News Flash: At the British HIV Association Spring Meeting, there is exciting news that England has begun to roll out bi-monthly injectable antiretroviral therapy (ART), bringing new treatment options to people living with HIV!

Treatment Options: This innovative treatment regimen uses long-acting formulations of cabotegravir (Vocabria) and rilpivirine (Rekambys). In countries such as the United States, the two drugs are marketed jointly under the brand name Cabenuva.

Treatment Efficacy: Currently, hundreds of patients have received this injection, and the overall treatment is effective and favored by patients. However, there have also been a few cases of treatment failure due to drug resistance, which has attracted the attention of the medical community.

Treatment challenges: Although a failure rate of 1% is already a good result for oral therapy, the failure of injectable ART is worrying. Researchers are trying to find out why treatment failures persist despite perfect adherence, and how to avoid patients becoming resistant to medications.

⚕️ Patient selection: Physicians found that the main reason patients chose injectable treatment was the daily inconvenience of oral pills (74%), followed by social stigma (25%) and fear of disclosure (21%) of HIV treatment.

Statistics: Of the 12 UK clinics involved in the study, 518 people have been approved to receive injectable ART, of which 433 have received at least one injection. The average age of participants was 46 years, with 30% of participants being women.

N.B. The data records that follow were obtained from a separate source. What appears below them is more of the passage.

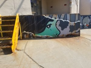 The next are two celebrate the location. The first is a huge, multi-storied mural that is somehow hidden, nod to the people and the industry of the area It’s modern and retro by Wen Winship. The second is from Witt Siasoco; it’s a little bit hidden on the south side of University right off the Westgate Train Stop. I choose to view this as the resilience of community to flourish like a flower in an industrial park.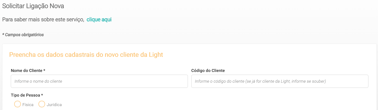 5) Para cadastrar a ligação, preencha os dados cadastrais do novo titular. Informe o nome do cliente, código do cliente (caso já seja cliente da Light) e tipo de pessoa (física ou jurídica).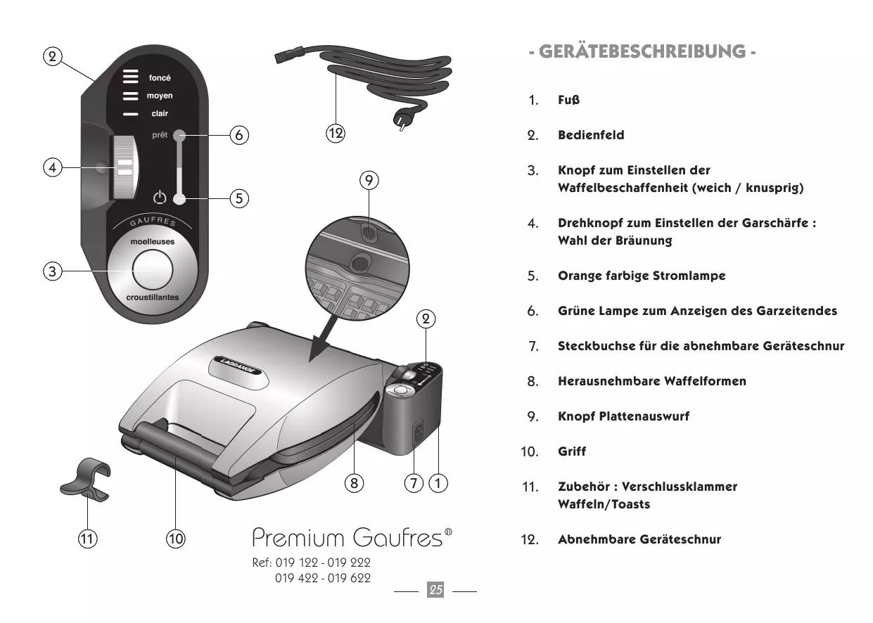 - Knopf zum Einstellen der Waffelbeschaffenheit (weich / knusprig) Ref 010122: Platten für Maxiwaffeln (5x8) Ref. 010222: Platten für Waffeln Ref. 010422: Platten für Toasts Position normale Waffeln Ref: 010122 Platten für Maxiwaffeln (5x8) Position knusprige Waffeln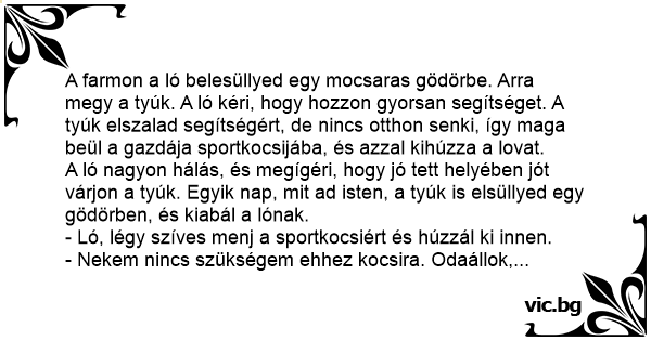 A ló nagyon hálás, és megígéri, hogy jó tett helyében jót várjon a tyúk. Egyik nap, mit ad isten, a tyúk is elsüllyed egy gödörben, és kiabál a lónak.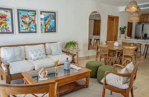 Located in the exclusive residential resort of GREEN ONE, PLAYA DORADA within one of the main tourist destinations of the Dominican Republic, and the prestigious and unique golf course in the area, enjoy what this 2-bedroom townhome has to offer. With a king bed, full bed, and bunk bed, guests can relax comfortably. The property includes amenities like a hair dryer, washing machine, Wi-Fi, AC, and iron. Also, you will have a private Pool & Patio with a huge Golf View.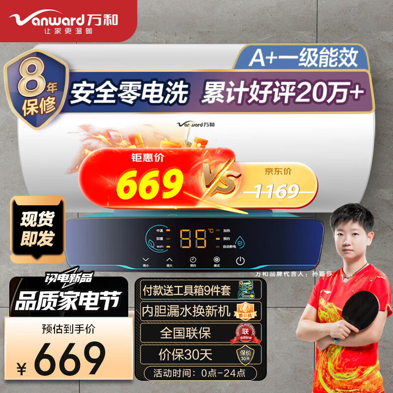 万和(Vanward)50升电热水器一级能效家用储水式智能断电速热高温杀菌洗澡机E50-Q2WY10-20价格:669.00元!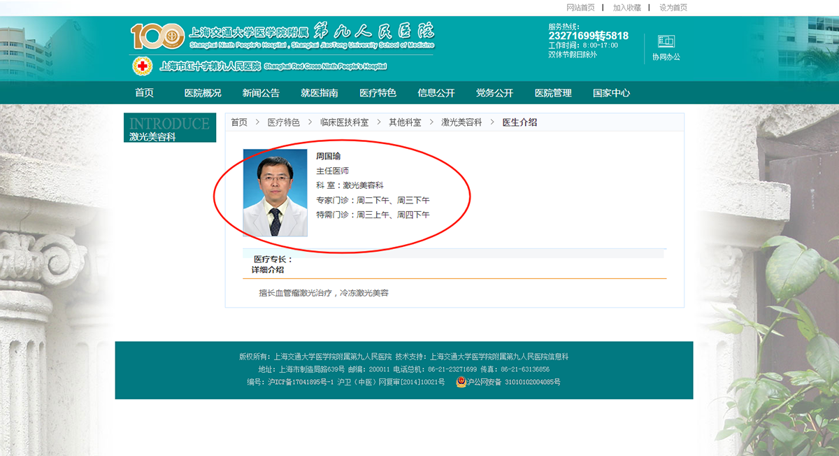 上海第九人民医院周国瑜教授作为国内胎记血管瘤诊疗领域的领军人物,长期深耕激光技术与胎记治疗的临床科研,主持多项省部级课题,在国内外权威期刊发表系列论文并参编国际激光医学专著。其主导的"氪激光光动力治疗鲜红斑痣"等研究成果获业内广泛认可。在临床治疗方面,周教授对血管瘤、鲜红斑痣、各类色素性胎记及皮肤瘢痕的激光诊疗造诣深厚,并多次受邀在美国激光医学与外科学会(ASLMS)、美国皮肤病学会(AAD)等国际学术会议作专题报告。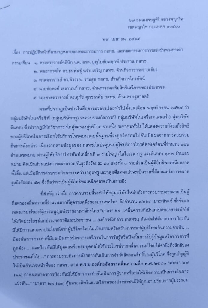 จากกรณีที่มีข่าวตั้งแต่เดือนพฤศจิกายน 2564 ว่ากลุ่มบริษัทในเครือซีพี (กลุ่มบริษัททรู) จะควบรวมกิจการกับกลุ่มบริษัทในเครือเทเลนอร์ (กลุ่มบริษัทดีแทค) ทำให้มีนักวิชาการ นักคุ้มครองผู้บริโภค รวมทั้งประชาชนทั่วไปเกิดความกังวลถึงสิทธิของผู้บริโภคในการเลือกใช้บริการโทรคมนาคมพื้นฐานที่จะถูกลิดรอนไปอันเป็นผลจากการควบรวมกิจการดังกล่าว เนื่องจากตามข้อมูลของ กสทช.ในปัจจุบันมีผู้ใช้บริการโทรศัพท์เคลื่อนที่จํานวน 141 ล้านเลขหมาย ผ่านผู้ให้บริการโทรศัพท์เคลื่อนที่ 3 รายใหญ่ (ไอไอเอส ทรู และดีแทค) 132 ล้านเลขหมาย คิดเป็นส่วนแบ่งการตลาดรวมกันสูงถึงร้อยละ 93 และทั้ง 3 รายล้วนเป็นผู้มีอิทธิพลเหนือตลาดทั้งสิ้น แต่เมื่อมีการควบรวมกิจการระหว่างกลุ่มทรูและกลุ่มดีแทคแล้วจะเป็นรายที่มีส่วนแบ่งการตลาดสูงถึงร้อยละ 57 ซึ่งถือว่าจะเป็นผู้มีอิทธิพลเหนือตลาดเป็นอย่างยิ่ง ที่สําคัญกว่านั้น การควบรวมนี้จะทําให้กลุ่มบริษัทใหม่หลังการควบรวมจะกลายเป็นผู้ถือครองคลื่นความถี่จํานวนมากที่สุดรายหนึ่งของประเทศไทยคือจํานวน 1,260 เมกะเฮิรตซ์ซึ่งขัดต่อเจตนารมณ์ของรัฐธรรมนูญแห่งราชอาณาจักรไทย “มาตรา 60 …คลื่นความถี่เป็นสมบัติของชาติเพื่อใช้ให้เกิดประโยชน์แก่ประเทศชาติและประชาชน … องค์กรดังกล่าว (กสทช.) ต้องจัดให้มีมาตรการป้องกันมิให้มีการแสวงหาประโยชน์จากผู้บริโภคโดยไม่เป็นธรรมหรือสร้างภาระแก่ผู้บริโภคเกินความจําเป็น …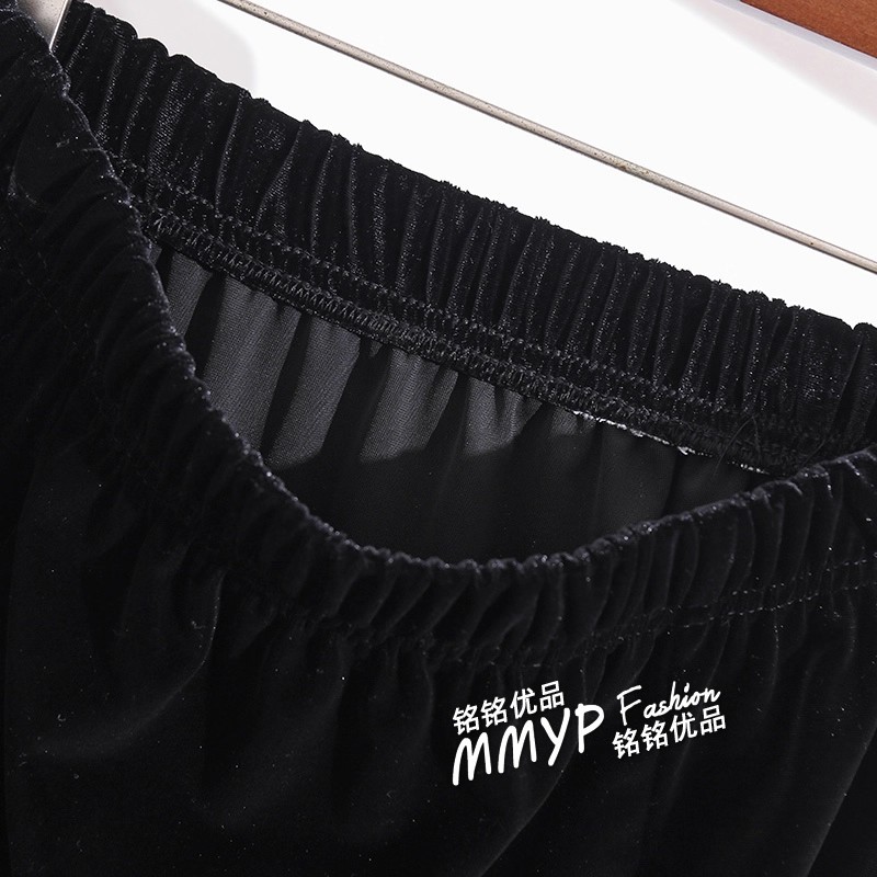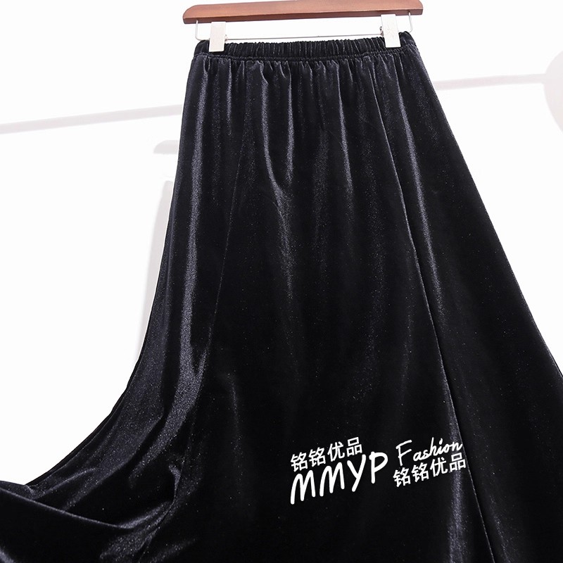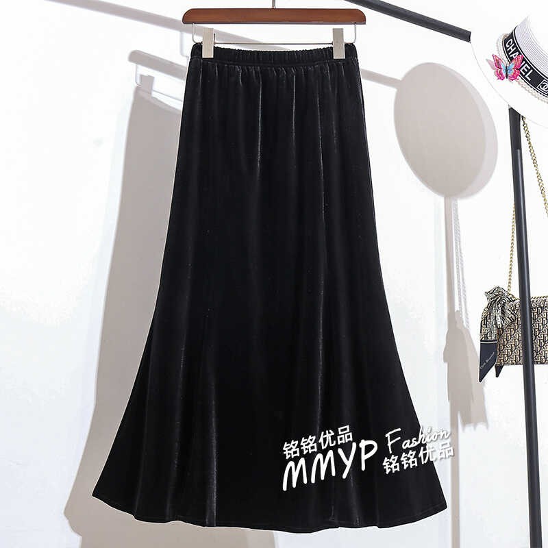 黑色松紧腰鱼尾丝绒半身裙女秋冬复古金丝绒裙子a字裙包臀裙长裙

Treatment failure cases: In the SHARE LAI-net cohort, three cases of viral failure were recorded. These cases are not entirely unexpected, and all occur after the viral load exceeds 50.

Future outlook: Despite the challenges, injectable ART offers new possibilities for HIV treatment. The medical community will continue to monitor and research to improve treatment outcomes and reduce the risk of failure.

England has begun rolling out bi-monthly injectable HIV therapy

England has started rolling out bi-monthly injectable antiretroviral therapy (ART), bringing new treatment options to people living with HIV!

In the UK, a new type of injectable HIV antiretroviral therapy (ART) has begun to be made available to patients, and hundreds of patients are currently receiving this bi-monthly injection. At the recent spring meeting of the British HIV Association in Birmingham, attendees heard for the first time some preliminary data on the roll-out of the injectable therapy in England. Overall, this injectable therapy is not only effective but also popular with patients, although a small number of patients have opted out of treatment. However, a total of two cases of virological failure due to drug resistance have been reported. This is echoed by the performance of ART injections in scientific trials, where 24 of the 2,313 patients who participated in the study experienced virologic failure.

However, two cases of virological failure and drug resistance have been reported to date. This echoes the pattern observed in the scientific trials of ART injections, with 24 cases of virologic failure among 2313 study participants.

A failure rate of 1% would be seen as an excellent outcome in oral treatment drugs, but is now a cause for concern, as researchers do not yet understand how this can happen with apparently perfect adherence, and three-quarters of participants who experienced drug failure developed resistance to one or both of the types of drugs used, which may limit future treatment options.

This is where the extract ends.